Work instruction.
Below is a listing. Quote from it, exactly, the lines from the one containing "wird zu unübersichtlich." down to the one containing "1月4日,在校团委的号召下,公司积极组织", both ends included, and nothing else.

Data listing.
# # # # # # #

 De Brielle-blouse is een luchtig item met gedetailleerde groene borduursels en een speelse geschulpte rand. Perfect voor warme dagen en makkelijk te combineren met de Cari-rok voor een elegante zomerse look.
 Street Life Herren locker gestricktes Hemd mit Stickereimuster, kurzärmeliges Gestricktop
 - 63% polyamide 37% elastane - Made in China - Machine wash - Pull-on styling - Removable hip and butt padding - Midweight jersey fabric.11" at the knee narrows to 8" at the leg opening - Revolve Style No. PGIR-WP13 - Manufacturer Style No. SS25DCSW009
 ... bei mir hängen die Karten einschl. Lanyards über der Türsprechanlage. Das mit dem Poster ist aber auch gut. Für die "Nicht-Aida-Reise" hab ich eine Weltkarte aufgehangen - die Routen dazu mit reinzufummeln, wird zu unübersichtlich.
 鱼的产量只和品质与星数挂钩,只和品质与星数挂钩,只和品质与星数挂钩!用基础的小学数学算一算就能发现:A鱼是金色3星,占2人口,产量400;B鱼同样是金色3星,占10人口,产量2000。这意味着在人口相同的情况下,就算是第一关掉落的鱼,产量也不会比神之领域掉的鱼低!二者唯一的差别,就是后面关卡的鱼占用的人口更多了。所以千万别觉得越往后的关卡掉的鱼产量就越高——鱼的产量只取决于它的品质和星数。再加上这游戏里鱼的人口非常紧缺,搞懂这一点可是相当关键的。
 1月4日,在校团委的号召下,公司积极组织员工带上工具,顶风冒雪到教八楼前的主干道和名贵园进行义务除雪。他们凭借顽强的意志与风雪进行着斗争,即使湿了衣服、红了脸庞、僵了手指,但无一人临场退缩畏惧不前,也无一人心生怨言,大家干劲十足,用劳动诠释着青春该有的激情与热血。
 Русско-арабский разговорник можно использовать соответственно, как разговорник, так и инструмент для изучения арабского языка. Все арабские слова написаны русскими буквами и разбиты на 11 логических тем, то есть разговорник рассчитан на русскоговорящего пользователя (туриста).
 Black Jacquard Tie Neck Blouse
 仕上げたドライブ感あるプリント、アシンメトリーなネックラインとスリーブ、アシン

# # # # # # #

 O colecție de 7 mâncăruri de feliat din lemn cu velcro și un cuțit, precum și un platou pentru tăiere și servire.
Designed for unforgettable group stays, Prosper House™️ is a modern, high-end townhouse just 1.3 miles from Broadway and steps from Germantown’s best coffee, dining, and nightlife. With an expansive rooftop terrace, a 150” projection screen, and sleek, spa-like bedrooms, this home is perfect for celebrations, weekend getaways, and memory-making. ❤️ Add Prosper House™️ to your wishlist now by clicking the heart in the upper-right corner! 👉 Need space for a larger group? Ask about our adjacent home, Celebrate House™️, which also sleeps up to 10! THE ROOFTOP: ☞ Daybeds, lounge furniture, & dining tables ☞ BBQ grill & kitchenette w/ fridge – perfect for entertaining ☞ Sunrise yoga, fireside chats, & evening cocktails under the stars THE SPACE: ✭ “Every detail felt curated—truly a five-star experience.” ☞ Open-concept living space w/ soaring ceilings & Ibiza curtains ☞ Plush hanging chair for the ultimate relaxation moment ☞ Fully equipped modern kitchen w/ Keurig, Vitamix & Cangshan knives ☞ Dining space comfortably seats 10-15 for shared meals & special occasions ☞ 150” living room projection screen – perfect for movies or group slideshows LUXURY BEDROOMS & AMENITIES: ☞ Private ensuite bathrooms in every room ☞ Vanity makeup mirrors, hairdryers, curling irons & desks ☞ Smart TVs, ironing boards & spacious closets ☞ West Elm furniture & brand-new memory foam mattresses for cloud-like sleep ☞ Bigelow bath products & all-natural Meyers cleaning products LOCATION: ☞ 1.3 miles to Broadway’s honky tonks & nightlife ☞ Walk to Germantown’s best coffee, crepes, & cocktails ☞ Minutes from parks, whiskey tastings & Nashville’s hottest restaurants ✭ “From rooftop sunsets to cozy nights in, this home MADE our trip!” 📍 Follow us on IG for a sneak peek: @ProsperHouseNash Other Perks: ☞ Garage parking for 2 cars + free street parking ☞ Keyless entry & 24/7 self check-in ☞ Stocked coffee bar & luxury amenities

# # # # # # #

Response to this exercise.
 ... bei mir hängen die Karten einschl. Lanyards über der Türsprechanlage. Das mit dem Poster ist aber auch gut. Für die "Nicht-Aida-Reise" hab ich eine Weltkarte aufgehangen - die Routen dazu mit reinzufummeln, wird zu unübersichtlich.
 鱼的产量只和品质与星数挂钩,只和品质与星数挂钩,只和品质与星数挂钩!用基础的小学数学算一算就能发现:A鱼是金色3星,占2人口,产量400;B鱼同样是金色3星,占10人口,产量2000。这意味着在人口相同的情况下,就算是第一关掉落的鱼,产量也不会比神之领域掉的鱼低!二者唯一的差别,就是后面关卡的鱼占用的人口更多了。所以千万别觉得越往后的关卡掉的鱼产量就越高——鱼的产量只取决于它的品质和星数。再加上这游戏里鱼的人口非常紧缺,搞懂这一点可是相当关键的。
 1月4日,在校团委的号召下,公司积极组织员工带上工具,顶风冒雪到教八楼前的主干道和名贵园进行义务除雪。他们凭借顽强的意志与风雪进行着斗争,即使湿了衣服、红了脸庞、僵了手指,但无一人临场退缩畏惧不前,也无一人心生怨言,大家干劲十足,用劳动诠释着青春该有的激情与热血。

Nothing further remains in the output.